Advanced Searching in Education Databases


Welcome to another Education Library
research tutorial. If you watched our introduction video for searching in
Education databases, then you already know how to access and perform a basic
search in Education databases, and you know how to save and send articles from
these sources. After watching this video, you’ll know some of the advanced
strategies that you can use to more effectively search in subject databases,
including searching multiple databases simultaneously and using a database
thesaurus to browse subjects and choose keywords. At this point, you’ll see that
I’ve opened ERIC(EBSCO) and I’m on the main search screen, which actually looks
similar and has some of the same search features as the Summon advanced search page. The search strategies that we covered in the “Advanced Searching in
Summon” video–including phrase searching, truncation, and Boolean operator–all
work in Education databases, as well. If you need to brush up on any of those
features, you’ll want to watch that video. Now, if you’re like me, you’re probably
always looking for ways to save time when you’re doing research and one of
the best features that some subject databases, including ERIC, offer to make
your searching more efficient is the “Choose databases” option at the top of
the page, which you can use to search multiple databases at once. I’m going to
open that and I’m given a long list of databases that I can choose from. If you
wanted, you could select all of the databases to search in, but I’m going to
select a few of the key databases for Education. ERIC is already selected, so
I’m going to add Education Source and Teacher Reference Center, and now when I search I’ll be finding articles from all of these databases. As I search, I’m
trying to answer the following question: “How can teachers help elementary
students develop digital literacies?” Now, before I start entering keywords, I want
to know if the terminology I’ve used to develop my research question is going to
get me the best search results. Often, the best terms to use as keywords when
you’re searching in a subject database are the ones that the database uses as
subject headings. Subject headings are the descriptive terms applied to each of
the articles in the database and many databases offer a thesaurus to help
users find all of their subject headings. The thesaurus can be a really useful
tool that you can use to check if you’re using the same terminology as the
database, or if the database represents your keywords with a different term that
you can use instead. So I’m going to open a thesaurus and, because I’m searching in
multiple databases, I can find the thesauri at the top of the screen here
under “Subjects.” If you’re searching in a single database, the word “subjects” here
would be replaced by “thesaurus,” which you would click instead. I can see that both
Education Source and ERIC have a thesaurus for me to use and I’m going to
open the Education Source thesaurus. From here, I’m going to enter “digital
literacy,” which is one of the terms I plan to use as a keyword during my
search and then click “browse.” You’ll see that I’m being told that, instead of
the term “digital literacy,” I should use “computer literacy,” which is one of the
database’s subject headings.
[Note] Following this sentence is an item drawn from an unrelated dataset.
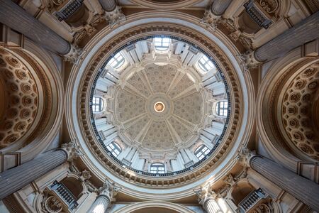 TURIN, ITALY - AUGUST 21, 2017: Superga basilica baroque dome interior, low angle view in Turin, Italy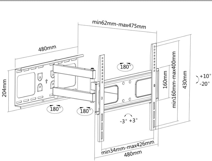 Variante: 32" bis 55" -20°-10° neigbar; 180° schwenkbar 50kg

This means that any articles related to digital
literacy will actually have “computer literacy” as a subject heading. While I’m
here, I’m also going to search for any other terms that might be related and
useful as keywords. To do so, I’m going to select “computer literacy” and look at the
broader and related terms. The thesaurus is showing me terms like “technological
literacy” and “Internet literacy” as subject headings and searching with any
of these terms will likely help me find articles related to digital literacy, as
well. Now when I start my search, I’m going to combine some of those related
terms with OR in the first search row so that I find articles that have any of
those terms as subject headings, and I’ll add my second keyword “elementary school” and some related terms like “primary school,” “grade school,” and “elementary
education” in the second row and then I’ll perform my search. From here, you can
use the strategies covered in the introduction video for searching in
Education databases, like the filters and the folders, to finish your search. Now
you should be even more prepared to search effectively in Education
databases, but please reach out to the education librarians for more assistance
with your searching.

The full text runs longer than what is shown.